*** RECORDS PROVIDED ***

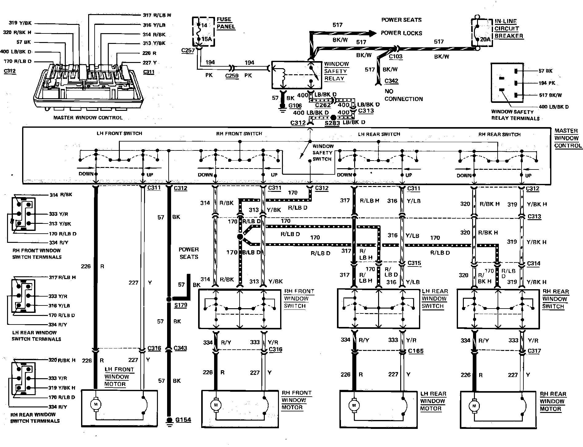 Fig. 65 Power Window Wiring Circuit. 1984 LTD & Marquis:
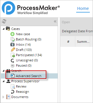 The PM_ALLCASES permission provides access to the Advanced Search option under the HOME tab. Advanced Search permits users to search for particular cases among all cases of all users in the current workspace. This feature narrows the search using the following search criteria: Category, Process, Status, User, Delegated Date, and Case Number.
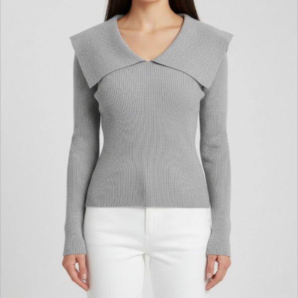 Pulover cu decolteu în V și guler drapat
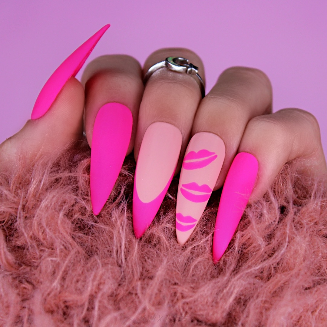 HOT PINK, NUDE AND KISSESS PRESS ON NAIL SET
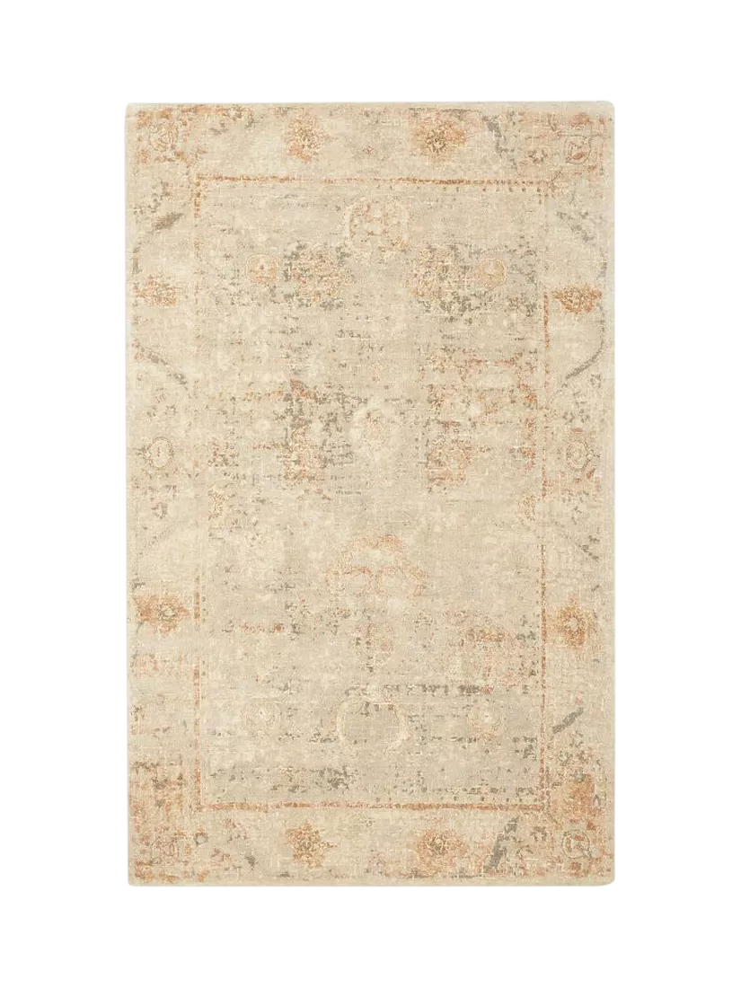 Nahla’s blend of warm hues and patinaed pattern evokes the look of an antiqued carpet. The hand-tufted yarns are looped and sheared, bringing definition and a textured feel to the design. Style this in a bedroom or make it the grounding layer to your living space.
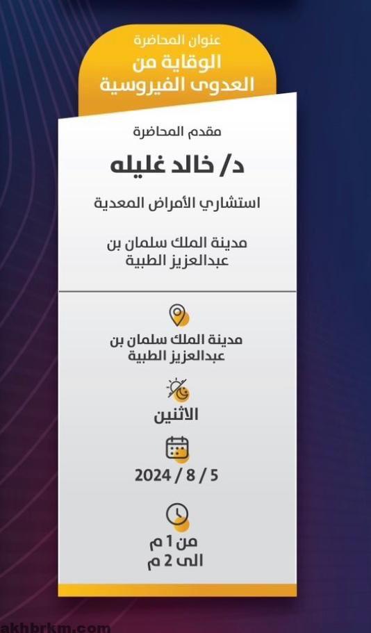 يوم الاثنين الموافق 2024/08/05م من الساعة الواحدة مساءً إلى الساعة الثانية مساء يقدم المحاضرة استشاري الأمراض المعدية د/ خالد غليله ، بمقر مدينة الملك سلمان بن عبدالعزيز الطبية بالمدينة المنورة ويصاحب المحاضرة معرض توعوي للتثقيف والتوعية حول امراض الكبد الوبائي وفحوصات مجانية فورية لكافة افراد المجتمع تبداء من الساعة ٨:٣٠ص إلى الساعة ٢ مساءً وتتزامن هذه البرامج التي تقيمها جمعية كبدك توافقاً مع اليوم العالمي لالتهاب الكبد الوبائي.
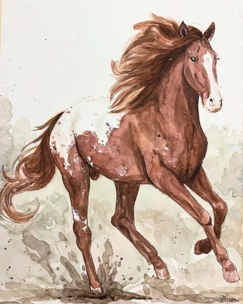 Patience is key. Take your time with the early stages, and don’t worry if the first washes look too light or too simple. Watercolor builds beautifully in layers, and each pass adds more life to your horse!
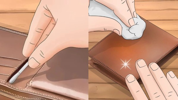 Nhúng khăn mềm vào dung dịch xà phòng, vắt ráo nước rồi lau nhẹ bề mặt da theo chuyển động tròn đều, từ một đầu đến hết bề mặt sản phẩm.
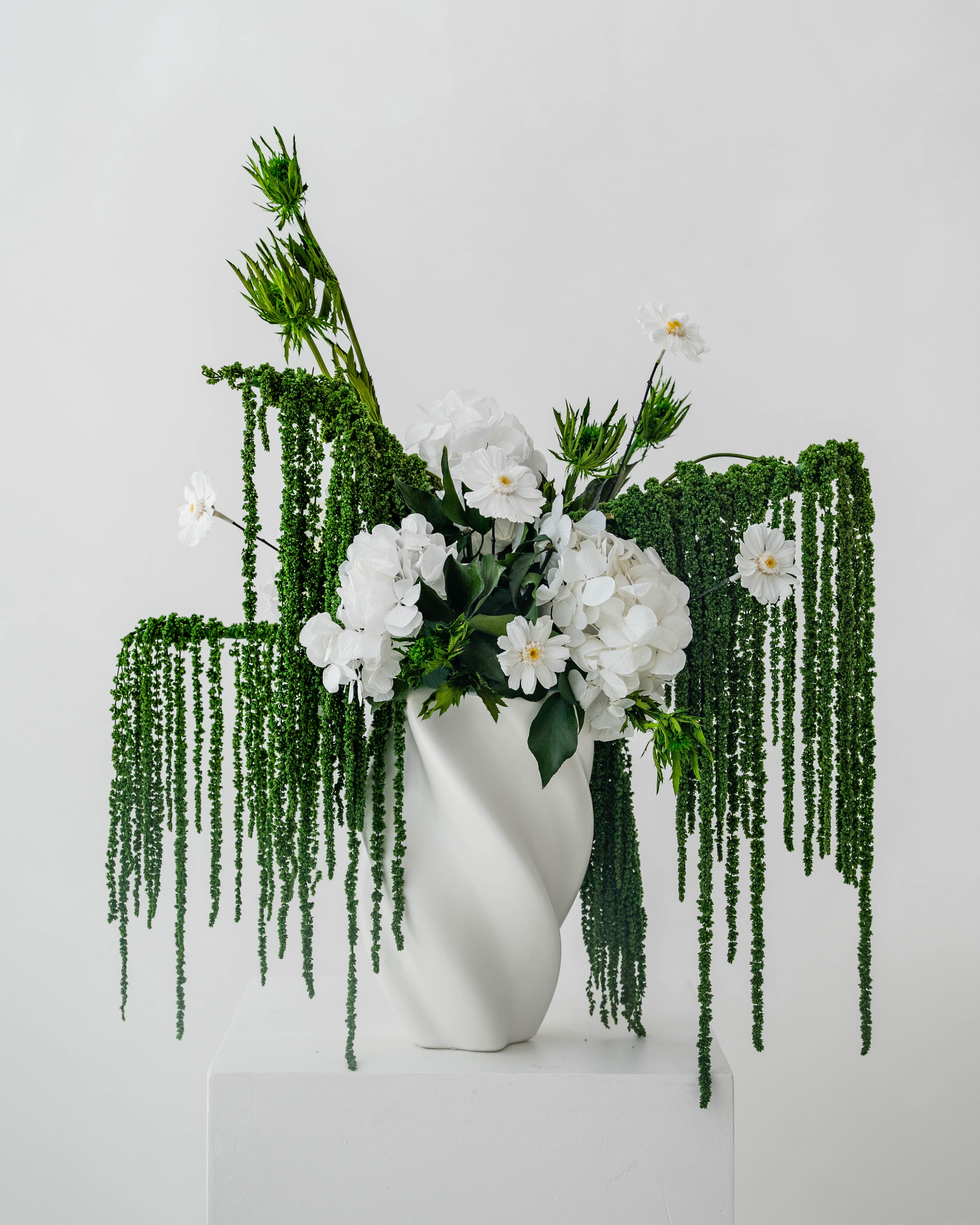 Arranged in a modern white twisted vase, the contrast between the crisp white blooms and rich greenery creates a timeless statement of natural beauty and contemporary artistry.
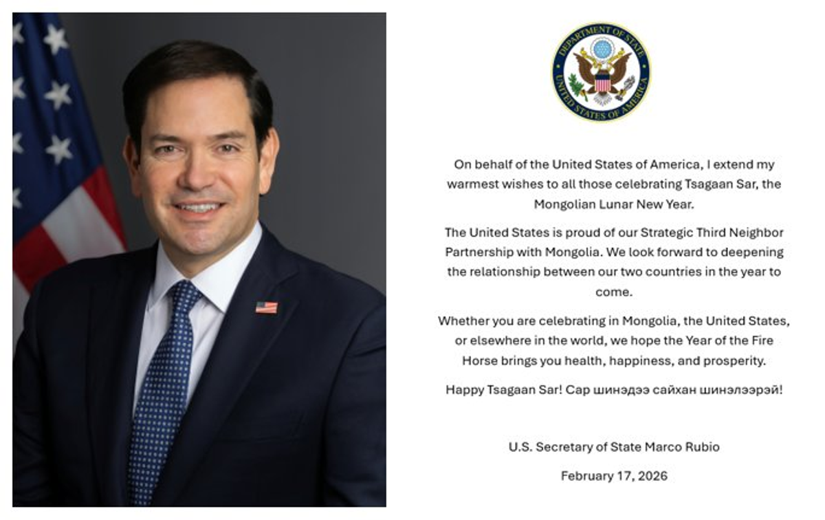 Америкийн Нэгдсэн Улсын Төрийн Нарийн бичгийн дарга Марко Рубио Сар шинийн баярыг тохиолдуулан Монголын ард түмэнд баяр хүргэж, мэндчилгээ дэвшүүлэв.
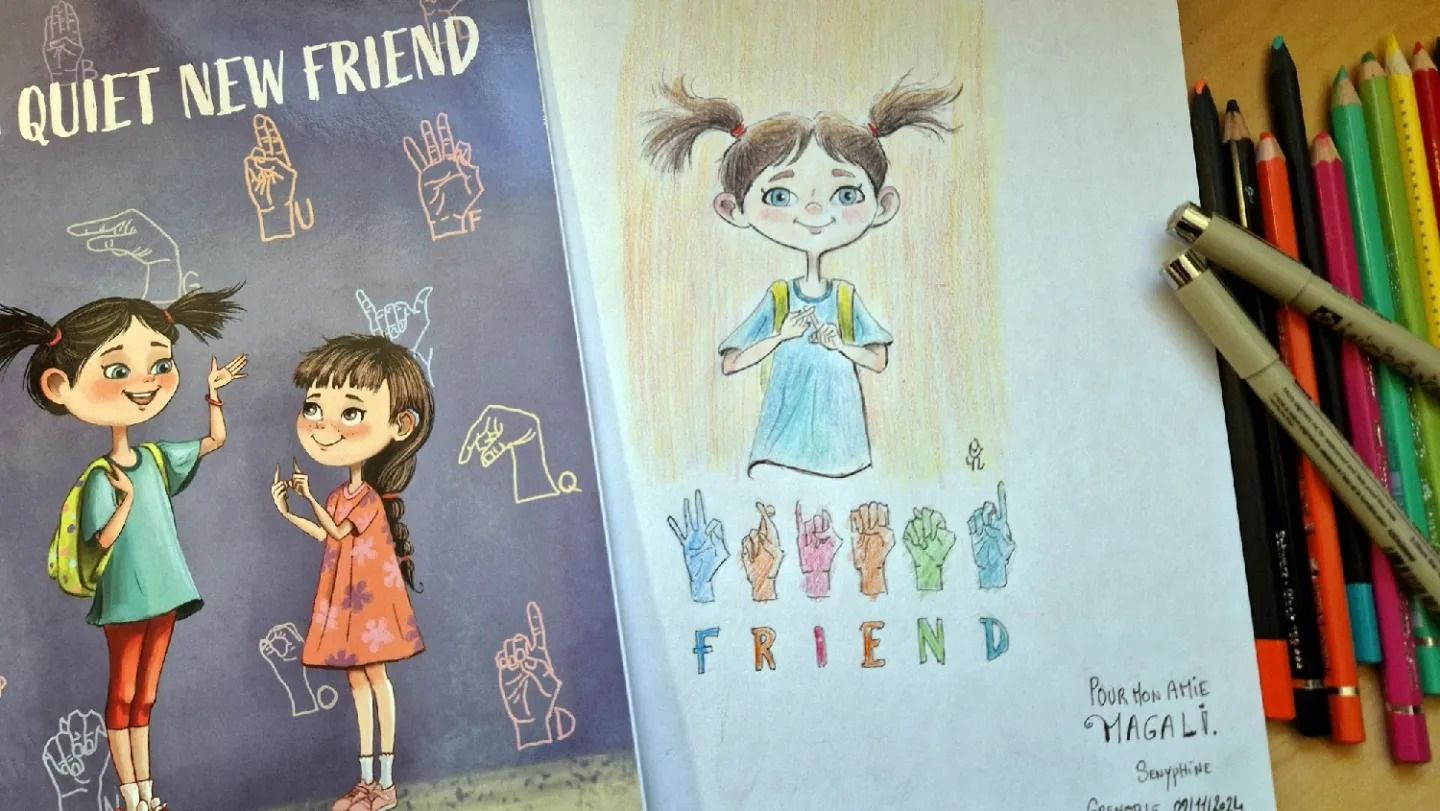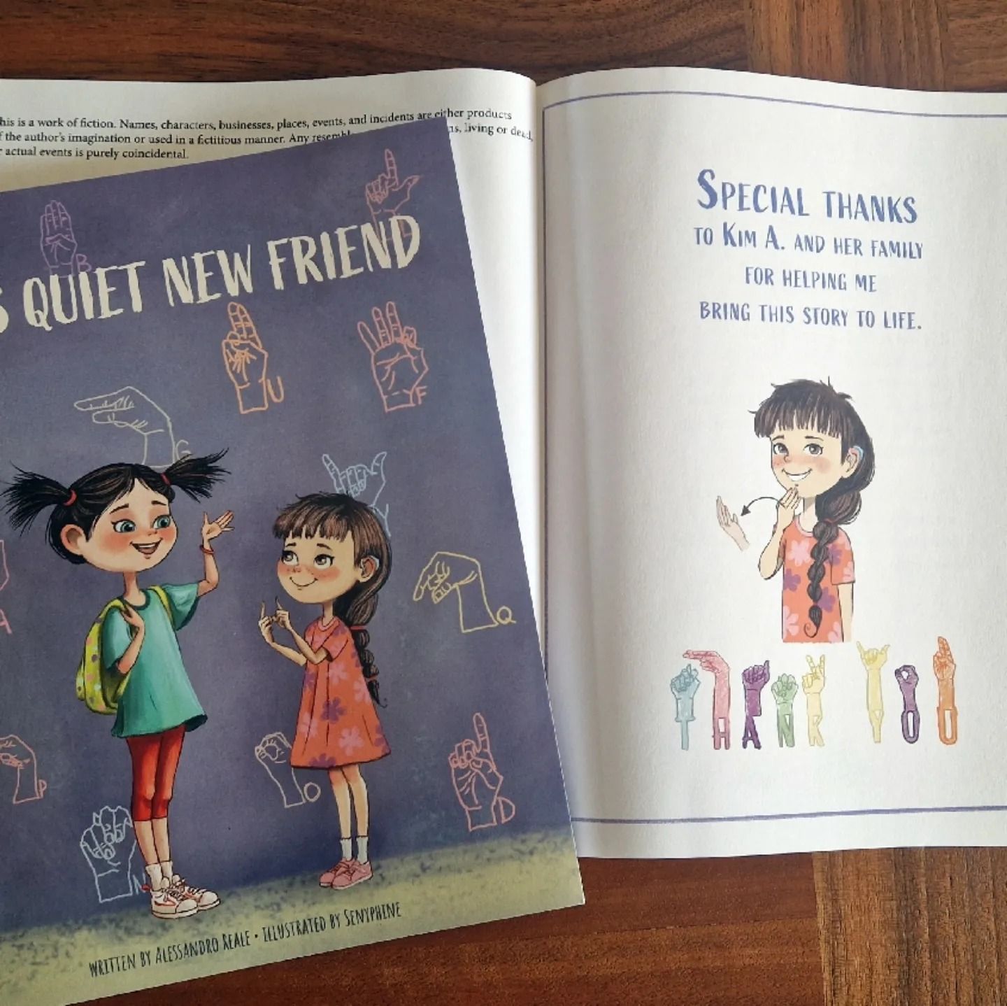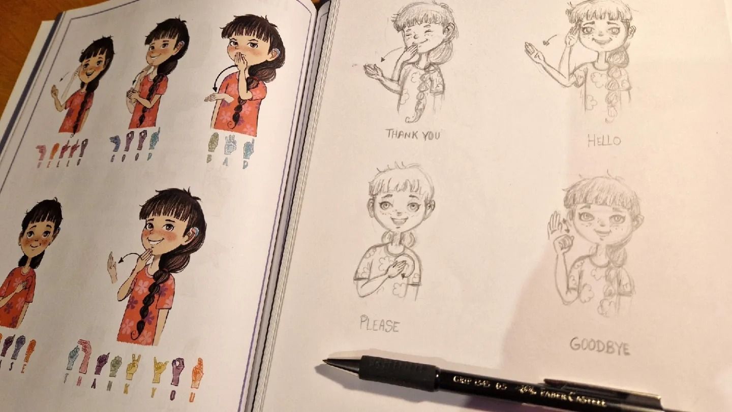 Le livre inclut des illustrations de signes de base pour aider les lecteurs à apprendre comment signer des salutations, l'alphabet, etc. et les oriente également vers des ressources supplémentaires pour apprendre l'ASL.
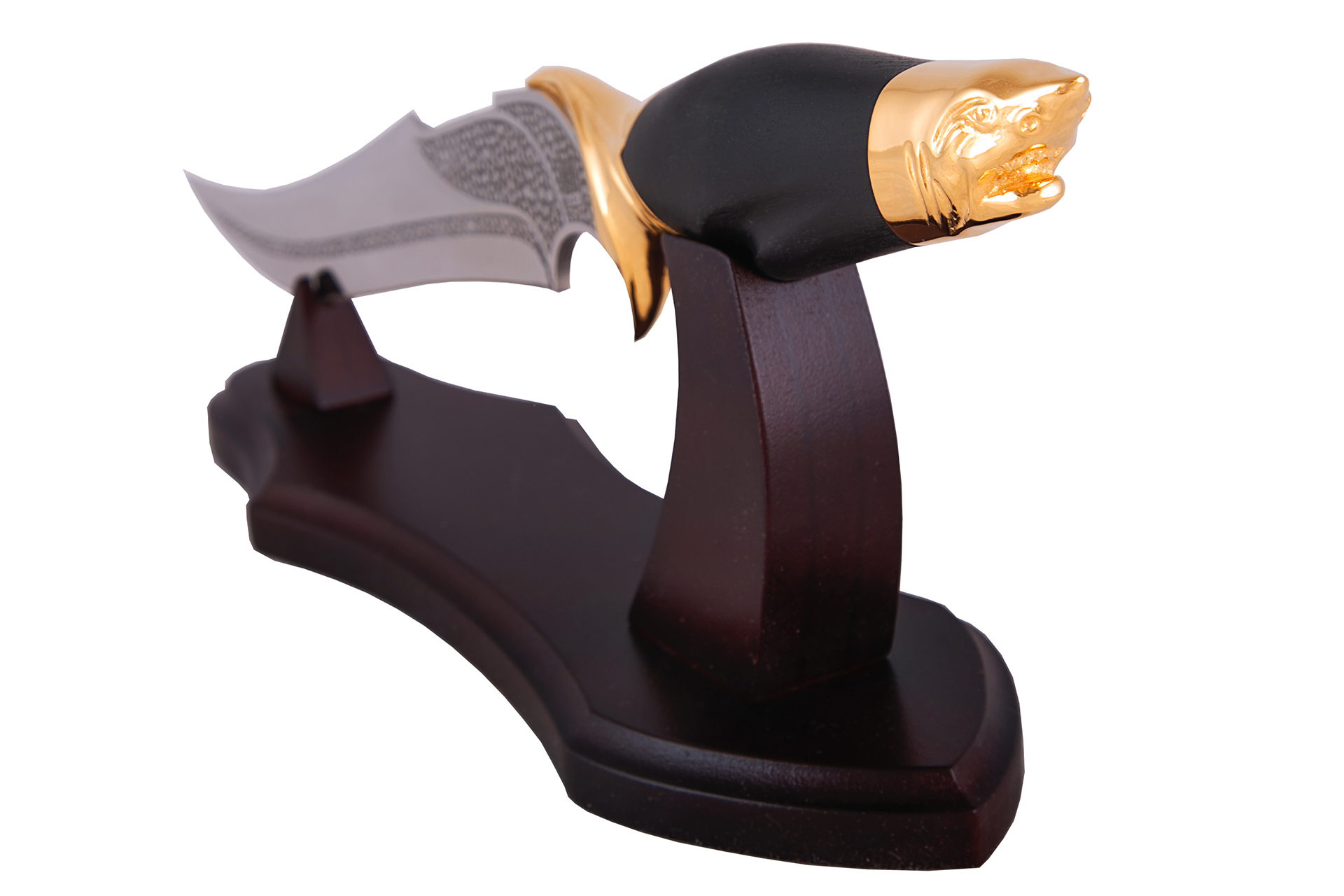 Холодное оружие может быть и определенно будет настоящим произведением искусства, если за дело берутся златоустовские мастера. «Акула» - это полностью авторский проект, который стал новинкой в ассортименте. Специалисты придерживались выбранной концепции во всем: рукоять выполнена в форме акулы, ее плавники и текстура кожи отражены в лезвии. Конечно, этот нож можно использовать по прямому назначению, ведь его сталь обладает отменными показателями качества!

***

= ACTIVITY =
If you see a picture in the listing, skip it while copying everything else exactly.

= WRITTEN RESPONSE =
 Fig. 65 Power Window Wiring Circuit. 1984 LTD & Marquis:
 The PM_ALLCASES permission provides access to the Advanced Search option under the HOME tab. Advanced Search permits users to search for particular cases among all cases of all users in the current workspace. This feature narrows the search using the following search criteria: Category, Process, Status, User, Delegated Date, and Case Number.
 Pulover cu decolteu în V și guler drapat
 HOT PINK, NUDE AND KISSESS PRESS ON NAIL SET
 Nahla’s blend of warm hues and patinaed pattern evokes the look of an antiqued carpet. The hand-tufted yarns are looped and sheared, bringing definition and a textured feel to the design. Style this in a bedroom or make it the grounding layer to your living space.
 يوم الاثنين الموافق 2024/08/05م من الساعة الواحدة مساءً إلى الساعة الثانية مساء يقدم المحاضرة استشاري الأمراض المعدية د/ خالد غليله ، بمقر مدينة الملك سلمان بن عبدالعزيز الطبية بالمدينة المنورة ويصاحب المحاضرة معرض توعوي للتثقيف والتوعية حول امراض الكبد الوبائي وفحوصات مجانية فورية لكافة افراد المجتمع تبداء من الساعة ٨:٣٠ص إلى الساعة ٢ مساءً وتتزامن هذه البرامج التي تقيمها جمعية كبدك توافقاً مع اليوم العالمي لالتهاب الكبد الوبائي.
 Patience is key. Take your time with the early stages, and don’t worry if the first washes look too light or too simple. Watercolor builds beautifully in layers, and each pass adds more life to your horse!
 Nhúng khăn mềm vào dung dịch xà phòng, vắt ráo nước rồi lau nhẹ bề mặt da theo chuyển động tròn đều, từ một đầu đến hết bề mặt sản phẩm.
 Arranged in a modern white twisted vase, the contrast between the crisp white blooms and rich greenery creates a timeless statement of natural beauty and contemporary artistry.
 Америкийн Нэгдсэн Улсын Төрийн Нарийн бичгийн дарга Марко Рубио Сар шинийн баярыг тохиолдуулан Монголын ард түмэнд баяр хүргэж, мэндчилгээ дэвшүүлэв.
 Le livre inclut des illustrations de signes de base pour aider les lecteurs à apprendre comment signer des salutations, l'alphabet, etc. et les oriente également vers des ressources supplémentaires pour apprendre l'ASL.
 Холодное оружие может быть и определенно будет настоящим произведением искусства, если за дело берутся златоустовские мастера. «Акула» - это полностью авторский проект, который стал новинкой в ассортименте. Специалисты придерживались выбранной концепции во всем: рукоять выполнена в форме акулы, ее плавники и текстура кожи отражены в лезвии. Конечно, этот нож можно использовать по прямому назначению, ведь его сталь обладает отменными показателями качества!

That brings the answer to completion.